Interpreter for a Simple Calculator Language
Phase 02 -- From Concrete to Abstract Syntax

Due by 5:00 PM on Friday, March 10, 2000

 

Purpose:

 

In this phase of development of your interpreter for a simple calculator language, you will build the module which converts from the concrete syntax of the language (as typed by the user and returned by the parser) to the abstract syntax (which you manipulate in your evaluator).
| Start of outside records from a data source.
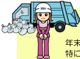
清掃一組 キャラクター くみちゃん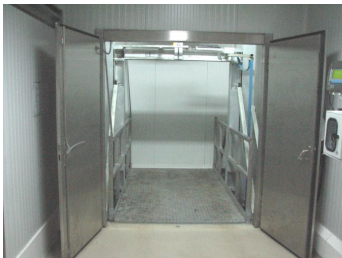
Platforme cu 2 coloane, sarcini uzule pana la 2-5t

Este posibil sa realizam si platforme cu dimensiuni speciale la cerere,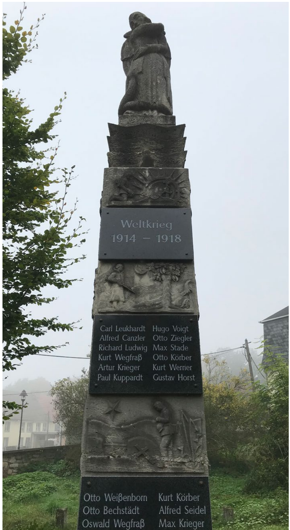
Kriegerdenkmal in Bachra/ Thüringen

Das Kriegerdenkmal in Bachra wurde zu den unterschiedlichen Zeiten immer wieder ergänzt.

The Concrete Syntax of the Language

 

As explained in the last project, the calculator language is divided into two parts: expressions and commands.

Expressions

Expressions have the following syntax:

    binary-op ::= "+" | "-" | "*" | "/"
 
    exp-list ::= epsilon
               | exp exp-list
 
    exp ::= integer
          | real
          | id
          | "(" binary-op exp exp ")"
          | "(" id exp-list ")"
         

Thus they are either numeric literals, identifiers (i.e. variables), the application of a built-in prefix binary operator to a pair of expressions, or the application of a user defined operator to a (possibly empty) list of arguments (epsilon is the empty input). The application of a built-in or user-defined operator to a list of arguments is denoted by wrapping the application in parentheses (which are not optional).

Identifiers are constructed of one or more characters from a rich set of characters (as specified in /cs/cs131/proj_5/sexp-parser/sexp_lex) with no restriction on order of characters. Numbers are written with optional leading unary minus (written with a dash, not tilde) and optional decimal part. (if a decimal point is used, there must be digits before and after the point.) Because of the free syntax of identifiers, spacing is important in source programs. Running identifiers or numbers together with operators will likely lead to a valid identifier, rather than an application. For example (-3e) is the application of the identifier -3e to no arguments; it is not the same as the expression (- 3 e), which subtracts e from 3.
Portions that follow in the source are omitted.